As shown in the preceding figure, you can use a Directed Acyclic Graph (DAG) to orchestrate fan-out/fan-in tasks. Subtasks can be split in two ways: statically (static DAG) or dynamically (dynamic DAG).

Static DAG: The set of subtasks is fixed. For example, in a data collection scenario, you might simultaneously collect data from Database 1 and Database 2, and then aggregate the results.
Dynamic DAG: The subtasks are generated dynamically and depend on the output of the previous task.
As shown in the preceding figure, in a data processing scenario, Task A can scan a dataset and start a subtask (Bn) for each subset of data, such as a subdirectory. After all subtasks (Bn) are complete, Task C aggregates the results.
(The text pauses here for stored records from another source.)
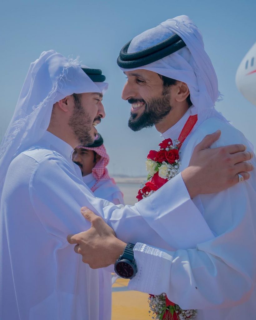 Manama: HM the King’s Personal Representative, President of the Supreme Council for Environment, His Highness Shaikh Abdulla bin Hamad Al Khalifa, welcomed HM the King’s Personal Representative for Humanitarian Work and Youth Affairs, Captain of the Royal Endurance Team, His Highness Shaikh Nasser bin Hamad Al Khalifa, upon arrival at the Al-Sakhir Airbase today.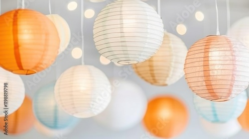 Fototapeta premium Chinese Paper Lanterns Hanging from Ceiling with Blurred Background and Soft...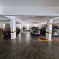 No térreo, uma garagem fechada "escriturada", para 2 veículos, no mezanino 2 vagas livres paralelas.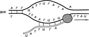 Схема 1 - иллюстрирующая механизм репликации ДНК: А - аденин, Г - гуанин, Ц - цитозин, Т - тимин.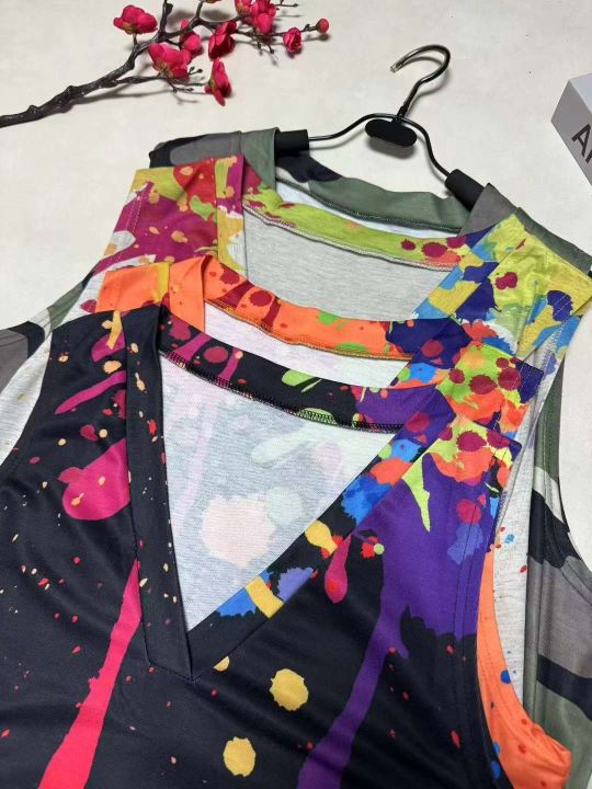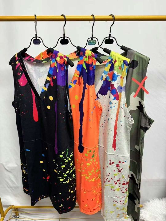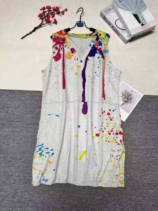 欧美女装V领印花无袖连衣裙,整款多色,数量200条,码数S-2XL,拉链式独立包装。

The number of B subtasks to start depends on the output of Task A. You can customize the subtask splitting rules in Task A based on your business requirements.

Argo workflow cluster

In many business scenarios, a large task often needs to be split into thousands of subtasks to improve execution efficiency. To run these subtasks concurrently, tens of thousands of CPU cores may be required. Traditional on-premises data centers often struggle to meet this level of resource demand, especially when multiple tasks are competing for resources.

For example, in an autonomous driving simulation, a regression test after an algorithm change requires simulating all driving scenarios. Each driving scenario runs as a subtask. To accelerate the iteration speed, development teams often require all scenario tests to run in parallel.

For these scenarios, you can use an Argo workflow cluster to orchestrate your workflows. The workflow cluster provides fully managed Argo Workflow with comprehensive technical support. It allows you to orchestrate fan-out/fan-in tasks by using a dynamic DAG and elastically schedule cloud computing resources, scaling up to tens of thousands of CPU cores to support large-scale parallel subtasks. When tasks complete, resources are released to save costs. Common use cases include data processing, machine learning, simulations, and CI/CD.

Argo Workflow is an open-source, CNCF-graduated project focused on cloud-native workflow orchestration. It uses Kubernetes Custom Resource Definitions (CRDs) to orchestrate offline tasks and DAG workflows, and runs them as Kubernetes pods on the cluster. For more information, see Argo Workflow.

Orchestrate fan-out/fan-in tasks with Argo Workflow

Create an Argo workflow cluster and enable public access for the cluster.
Create an Alibaba Cloud OSS storage volume (see Use an ossfs 1.0 static storage volume), and copy the required test file (log-count-data.txt) to the root directory of the storage volume.
Mount the Alibaba Cloud OSS storage volume to allow the workflow to operate on files in OSS as if they were local files.
For more information, see Use storage volumes.

Create a workflow by using the following YAML content.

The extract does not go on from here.